How to Reject Inputs in Alteryx
I’m sure the following scenario is familiar, at least to some.
You’ve built an Alteryx workflow, it works great, but then, your data provider (usually an individual who has promised the data structure will never change) decides to change the structure of the incoming data source, a column name change or a dropped column, something that breaks our beautiful Alteryx masterpiece.
You then spent an hour rebuilding your workflow to cope with said file.
Well, I’m going to show a neat trick, which puts the onus back to your data provider to provide you with a consistent datasource.
The workflow below shows a complete version of what we’ll be creating.
As a high level overview, we are taking the datasource provided by our annoying user; we are taking a data dictionary that we took when the project went into production, and we are testing whether the structure (field names, data types, and field lengths), is the same.
The test tool will error if any records pass into the right join, which indicate items that exist in our data dictionary, but do not exist in the latest dataset provided to us.
Now rather than bending our backs fixing this; we can now email the data provider and outline that the file does not meet the requirements, and also give the detail regards why (heck, we could even automate this email if we wished!).
So how do we set this up?
Well our first step is to build our data dictionary of the datasource we want to check, capturing the name, data type, and length of all fields; this is a relatively trivial task and can be done by using the ‘Field Info’ tool.
As this is an easily repeatable task across many datasets, I’ve created an application, available here, which allows you to simply specify your input file and output file, and it will generate the file on your behalf.
You may notice the ‘Definition’ column; this is a dummy field I have added (via the formula tool seen above) so that definitions can be added to the xlsx file manually, in order to provide any users with an understanding of what each field actually means.
The next step is building out this test workflow.
Let’s start by bringing on both our actual workflow input onto the canvas, and our data dictionary of said input.
With our actual workflow input, we need to add a field info tool to capture the latest file structure.
By joining these two streams together, on the key fields ‘Name’, ‘Type’ and ‘Size’, the following rules will apply;
L – this anchor will contain fields (whether that be because of Name, Type or Size (or a combination of those)) in our latest input file which are not contained in our data dictionary as per our desired input structure.
J – this anchor will contain fields which match on Name AND Type AND Size, this is our good data feed!
R – this anchor contains our problems, it will show instances where fields have not been identified (whether that be because of Name, Type or Size (or a combination of those)) in our latest data file, and therefor our workflow may error.
As the R or right anchor contains our problems, I have attached the ‘Test’ tool to this anchor, which allows us to trigger an error message should such a test fail.
The test tool is really simple to use; you start by giving a ‘Test Name’. I tend to use an ‘inverted statement’ due to the nature of how the Test tool reports errors..
We are then performing a test whether the record count, coming out of our right join output anchor, should be a specific value, which we have set to 0.

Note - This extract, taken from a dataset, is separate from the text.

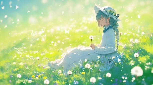 春の草原に座る女の子
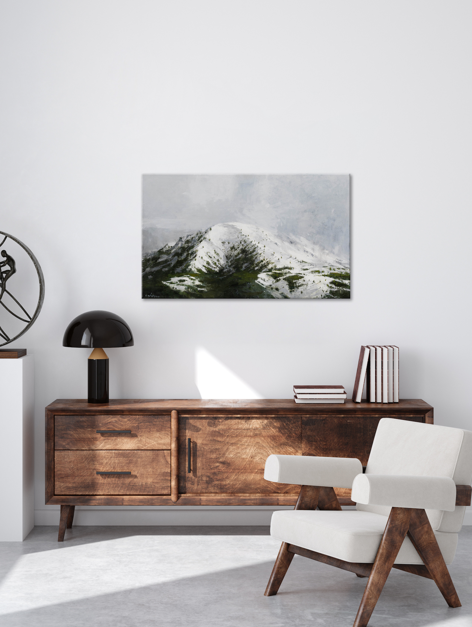 Cette œuvre d’art représente une montagne enneigée qui se trouve dans les contreforts des Pyrénées.

Therefor, if the record count is not 0, then the error will be triggered.
And that’s it, it’s really that simple!
In a real word scenario you may have a ‘Test’ workflow which contains such tests for each of the inputs in the main workflow (as shown below). You may even use the ‘Conditional Runner’ tool, which forms part of the CReW macro pack, to run your test workflow prior to running your master workflow (which only runs if the test workflow does not fail).

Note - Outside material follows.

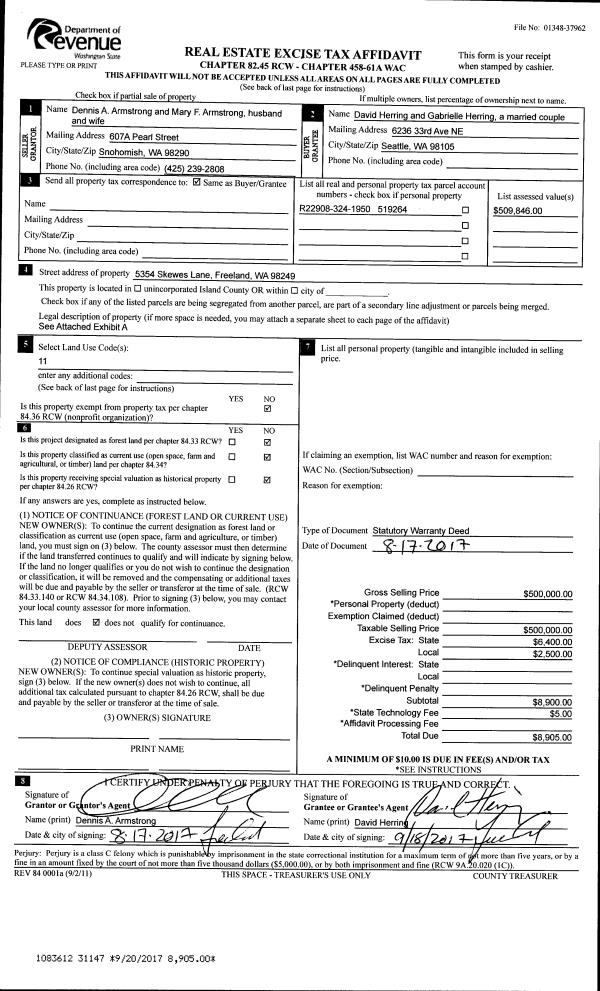 | 2 | 08/17/2017 | WD | Warranty Deed | ARMSTRONG TRUSTEE, DENNIS ARTHUR | HERRING, DAVID | | | $500,000.00 | 31147 | 4430464 |

The example in this post can be found here.
We may even develop this logic further; for example we may wish to test whether there are only certain categorical values in a field, or we may want to see if all of the values in a field are within a set range, say between 0 and 1000.
You may delete certain items from your data dictionary which simply aren’t necessary fields for your workflow to run correctly.
But hey, I’m not going to ruin your fun and show give you the answer, have a go yourself!